About BEKhealth
BEKhealth is transforming how clinical research is conducted by unlocking the full potential of healthcare data. Our AI-powered BEK platform processes structured and unstructured EMR data to match patients to clinical trials, accelerating access to new treatments and improving outcomes.
We integrate cutting-edge AI, NLP, and data engineering to build the data infrastructure that powers the future of clinical research.
The Role
We’re looking for a Data Processing Engineer to help expand and optimize BEKhealth’s data processing engine; working on the core system that ingests, processes, and transforms clinical data from diverse EMR sources to allow for the best patient matching in clinical trials and expanding clinical research operations.
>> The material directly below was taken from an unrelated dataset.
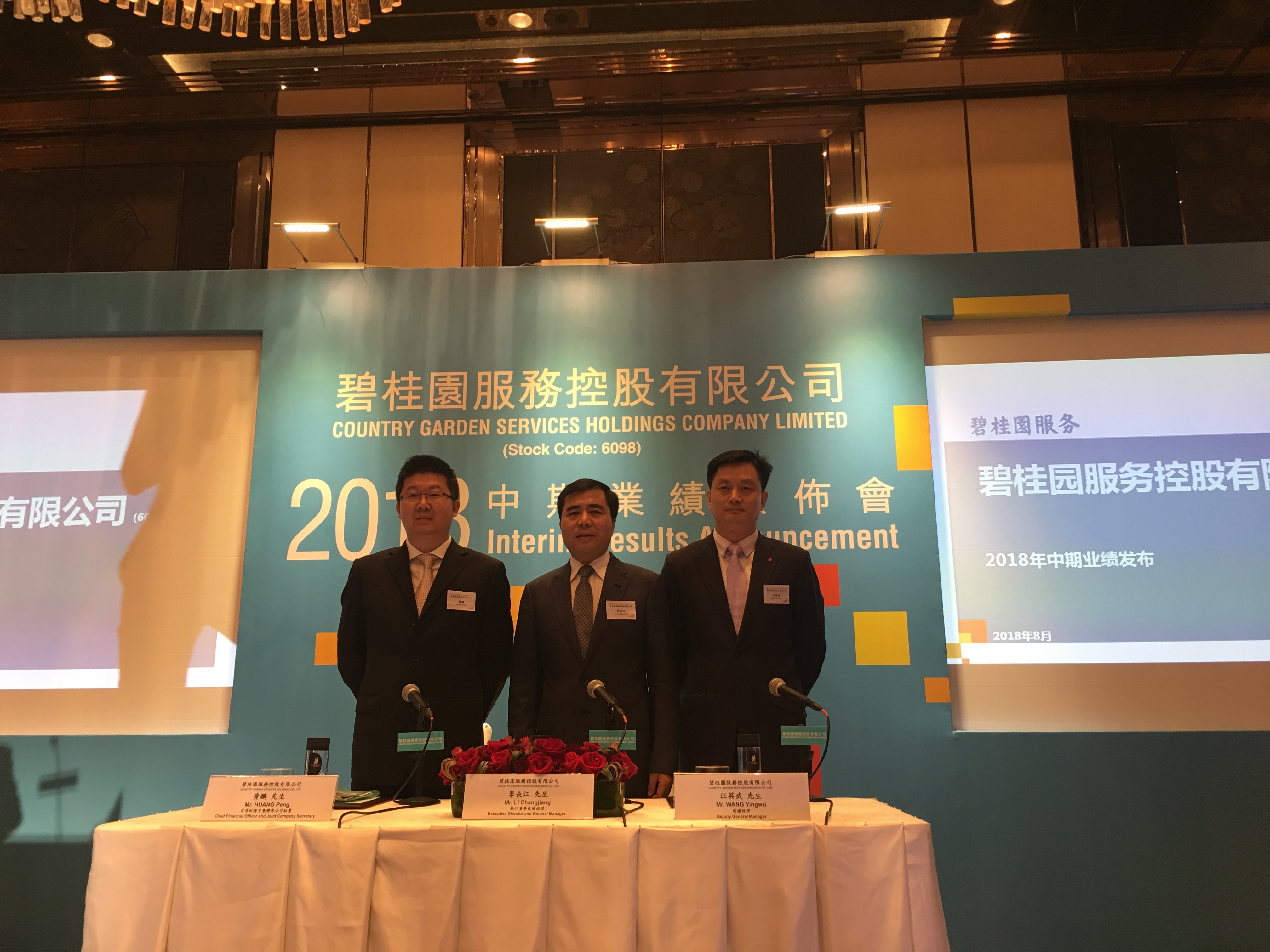 (从左至右为:碧桂园服务CFO兼联席公司秘书黄鹏、执行董事兼总经理李长江、副总经理汪英武)

This role is ideal for an engineer who thrives at the intersection of AI/LLM processing, NLP pipelines, data integration, and PHI anonymization. You’ll design and enhance large-scale ETL workflows, build anonymization and de-identification pipelines, and create tools that allow researchers to safely use de-identified datasets.
You’ll work closely with our AI, data science, and product teams to ensure data quality, privacy, and performance at scale.
What You’ll Do
- Develop and maintain BEKhealth’s data processing and ETL pipelines across multiple EMR integrations.
- Enhance AI/LLM and NLP pipelines that extract and normalize unstructured healthcare data.
- Design and implement PHI anonymization and de-identification frameworks to ensure HIPAA compliance
- Build internal dataset creation tools that allow researchers to securely generate and validate de-identified datasets.
- Collaborate with QA and data validation engineers to implement automated data quality checks.
- Optimize data ingestion, transformation, and normalization workflows for speed and accuracy.
- Work closely with data scientists to improve model input and output pipelines.
What We’re Looking For
- 3–6 years of experience in data engineering, NLP, or healthcare data processing.
- Proficiency in Python and SQL (must-have).
- Strong experience with ETL frameworks, data pipelines, and APIs (Airflow, dbt, Spark, or similar).
- Experience with PHI data handling, anonymization, and HIPAA compliance.
- Familiarity with NLP frameworks (spaCy, Hugging Face, transformers, or similar).
- Experience integrating with EMR systems or working with healthcare data standards (FHIR, HL7, OMOP).
- Familiarity with AWS, Kubernetes, python celery or other modern data orchestration / pipeline tools.
Why You’ll Enjoy Working Here
- Be part of a team turning messy, complex healthcare data into life-changing clinical insights.
- Collaborate with experts in AI, NLP, and health data engineering.
- Competitive salary and full benefits.
- Flexible remote work with unlimited PTO.
- Mission-driven culture where your work directly accelerates medical research.